On 3/8/22 22:23, Fabiano Rosas wrote:
> QEMU reports MMU support to the guest via the ibm,architecture-vec-5
> property of the /chosen node. Byte number 26 specifies Radix Table
> Expansions, currently only GTSE (Guest Translation Shootdown
> Enable). This feature determines whether the tlbie instruction (and
> others) are HV privileged.
> 
> Up until now, we always reported GTSE=1 to guests. Even after the
> support for GTSE=0 was added.
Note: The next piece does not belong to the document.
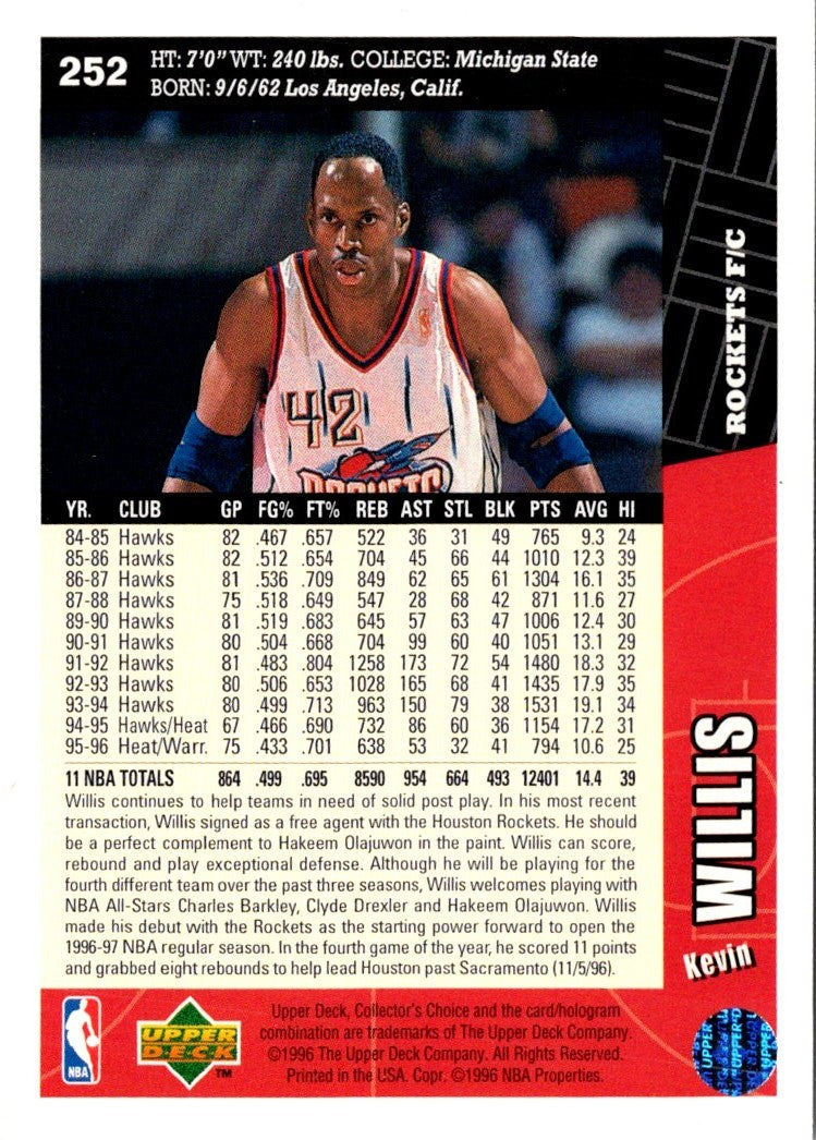 This 1996 Collector's Choice Kevin Willis #252 Houston Rockets card features a stunning image of the basketball star in action. The card is in near-mint condition, with only minor signs of wear. Perfect for any basketball fan or collector, this card is sure to be a treasured piece of memorabilia for years to come. Add this card to your collection today and show your support for one of the greatest players to ever play the game.

As part of that support, a kernel
> command line radix_hcall_invalidate=on was introduced that overrides
> the GTSE value received via CAS. So a guest can run with GTSE=0 and
> use the H_RPT_INVALIDATE hcall instead of tlbie.
> 
> In this scenario, having GTSE always set to 1 by QEMU leads to a crash
> when running nested KVM guests because KVM does not allow a nested
> hypervisor to set GTSE support for its nested guests. So a nested
> guest always uses the same value for LPCR_GTSE as its HV. Since the
> nested HV disabled GTSE, but the L2 QEMU always reports GTSE=1, we run
> into a crash when:
> 
> L1 LPCR_GTSE=0
> L2 LPCR_GTSE=0
> L2 CAS GTSE=1
> 
> The nested guest will run 'tlbie' and crash because the HW looks at
> LPCR_GTSE, which is clear.
> 
> Having GTSE disabled in the L1 and enabled in the L2 is not an option
> because the whole purpose of GTSE is to disallow access to tlbie and
> we cannot allow L1 to spawn L2s that can access features that L1
> itself cannot.
> 
> We also cannot have the guest check the LPCR bit, because LPCR is
> HV-privileged.
> 
> So this patch goes through the most intuitive route which is to have
> QEMU ask KVM about GTSE support and advertise the correct value to the
> guest. A new KVM_CAP_PPC_GTSE capability is being added.
> 
> TCG continues to always enable GTSE.
> 
> Signed-off-by: Fabiano Rosas <farosas@linux.ibm.com>
> ---


I'm not sure if I fully understood the situation, so let me recap. Once upon a time,
QEMU advertised GTSE=1 and the host would never advertise other value, and everyone
was happy.

The host started to support GTSE=0, but QEMU kept advertising GTSE=1 regardless, and no
KVM GTSE cap was added to reflect the host support. I'll then assume that:


- all guests would break if running in a GTSE=0 host prior to rpt_invalidate support (which
is necessary to allow the guest to run in GTSE=0)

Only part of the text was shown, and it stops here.